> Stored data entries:

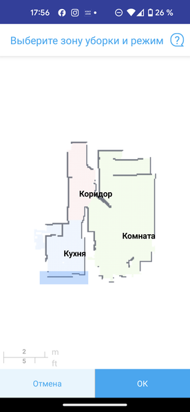 Свежесозданную карту приложение позволяет отредактировать: установить по своему вкусу границы помещений, объединяя, разъединяя или переименовывая комнаты. Здесь же можно выделить запретные для уборки зоны с помощью виртуальной стены или прямоугольной разметки. Приложение позволяет также пометить высокие пороги с помощью инструмента «ослабить залезание».
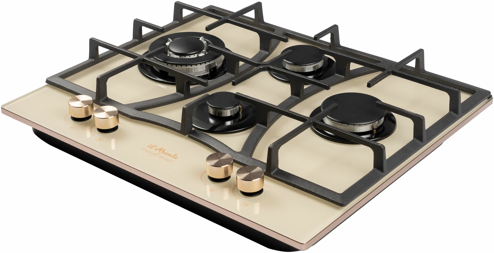 Варочная панель газовая, 45 см, Чугунные решетки, Закаленное стекло, il Monte BH-401-G
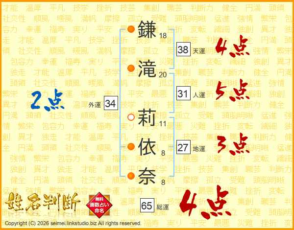 鎌(18画)滝(20画) 莉(11画)依(8画)奈(8画)
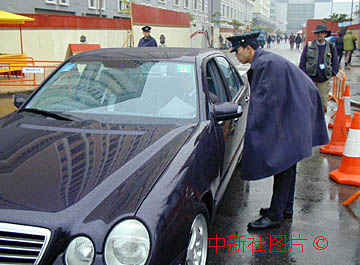 澳门警察十八日冒雨在政权交接场地周围检查车辆,疏导交通。中新社数码传真
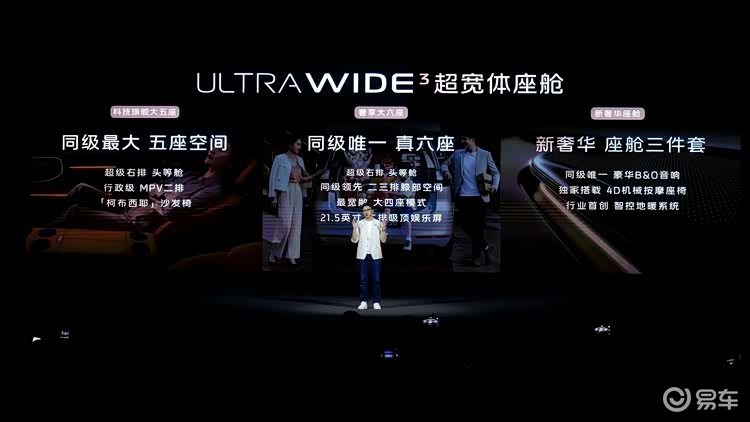 空间与豪华感上,Ultra Wide³超宽体座舱带来同级最强大空间,大五座版二排媲美行政MPV,六座版第三排不将就,大四座模式搭配21.5英寸吸顶屏打造影院级体验。“柯布西耶”沙发椅拥有132°大躺角与SPA级按摩,后备箱可轻松放下6个28寸行李箱。百万级“新奢华三件套”——B&O音响、4D机械按摩座椅、智控地暖系统全系标配。
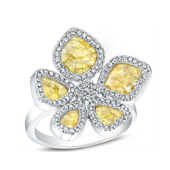 Add a touch of spring or summer to your day regardless of what it is like outside! Natural yellow sliced diamonds, prong-set in a dazzling frame of round diamonds around a diamond-encrusted center, make the petals of this blooming ring. A guaranteed compliment catcher!
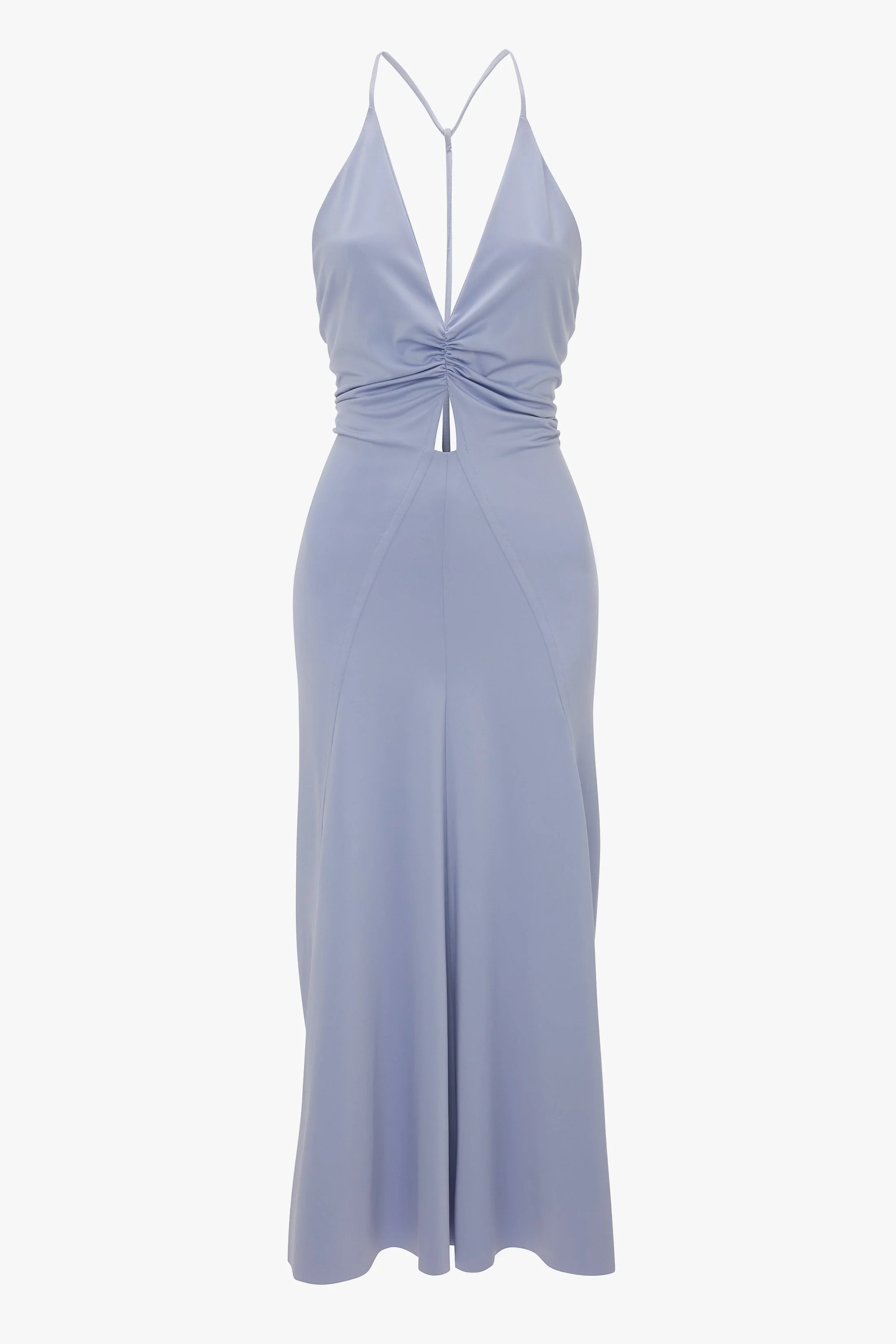 Camisole dresses are a house signature and the V-Neck Ruched Cami Midi Dress in delicate Delphinium Blue brings fresh personality to the 1990s-inspired favourite. Refreshed with a gathered front bodice and subtle cut-out detail at the front waist, it offers a sensuous update for the new season. Crafted in stretch jersey and cut with a fitted bodice and full skirt, the V-Neck Ruched Cami Midi is finished with a low back and single centre strap. Styled with the Harlow Stiletto Sandal Product Details - Stretch jersey fabrication - V neck line and small cut out at front waist - Low back with single centre back strap - Fitted through bodice - Gathering back detail - Fits true to size, take your regular size - 90% Polyester 10% Elastane - Dry clean only - Made in Portugal
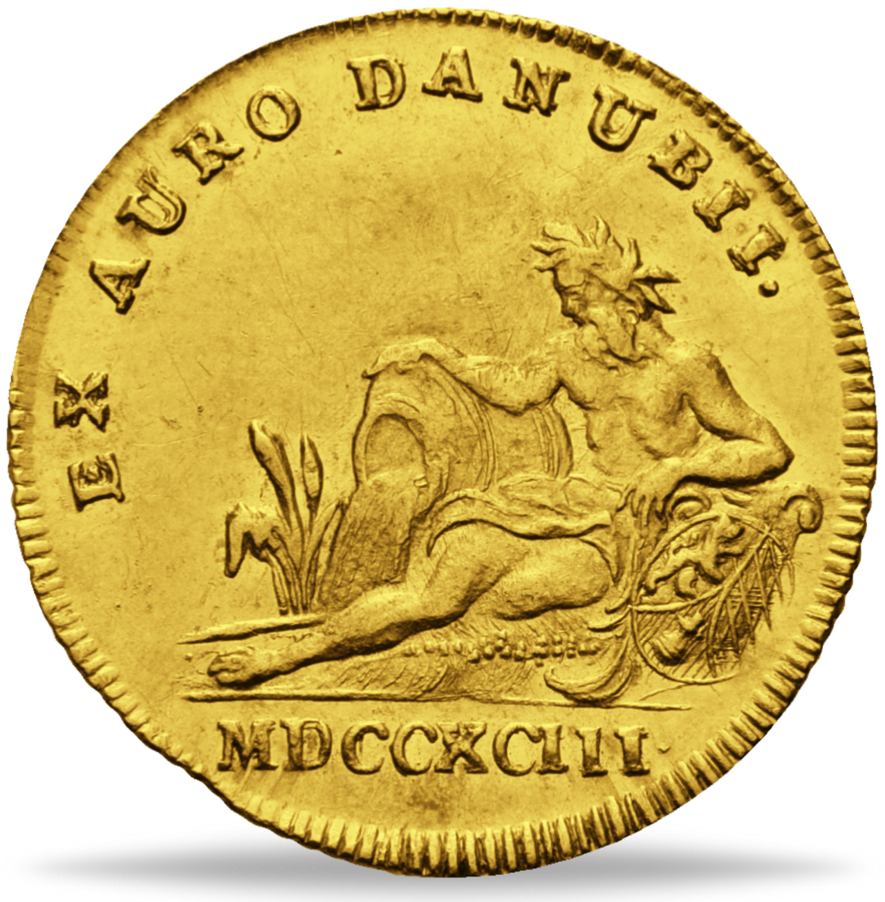 Auf der Rückseite der Donau-Flussgott mit Schilfkrone und Wappenschild sowie Umschrifft: Aus dem Gold der Donau !
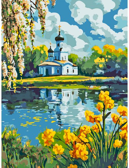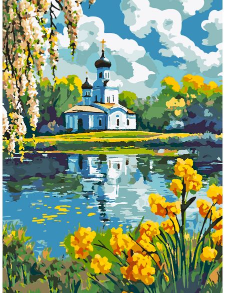 Картина по номерам без подрамника «Храм у воды» 70x50 см

> Activity:
Repeat verbatim the lines between the start of the data and the line containing "空间与豪华感上,Ultra Wide³超", both ends included, omitting all pictures.

> Solved problem:
 Свежесозданную карту приложение позволяет отредактировать: установить по своему вкусу границы помещений, объединяя, разъединяя или переименовывая комнаты. Здесь же можно выделить запретные для уборки зоны с помощью виртуальной стены или прямоугольной разметки. Приложение позволяет также пометить высокие пороги с помощью инструмента «ослабить залезание».
 Варочная панель газовая, 45 см, Чугунные решетки, Закаленное стекло, il Monte BH-401-G
 鎌(18画)滝(20画) 莉(11画)依(8画)奈(8画)
 澳门警察十八日冒雨在政权交接场地周围检查车辆,疏导交通。中新社数码传真
 空间与豪华感上,Ultra Wide³超宽体座舱带来同级最强大空间,大五座版二排媲美行政MPV,六座版第三排不将就,大四座模式搭配21.5英寸吸顶屏打造影院级体验。“柯布西耶”沙发椅拥有132°大躺角与SPA级按摩,后备箱可轻松放下6个28寸行李箱。百万级“新奢华三件套”——B&O音响、4D机械按摩座椅、智控地暖系统全系标配。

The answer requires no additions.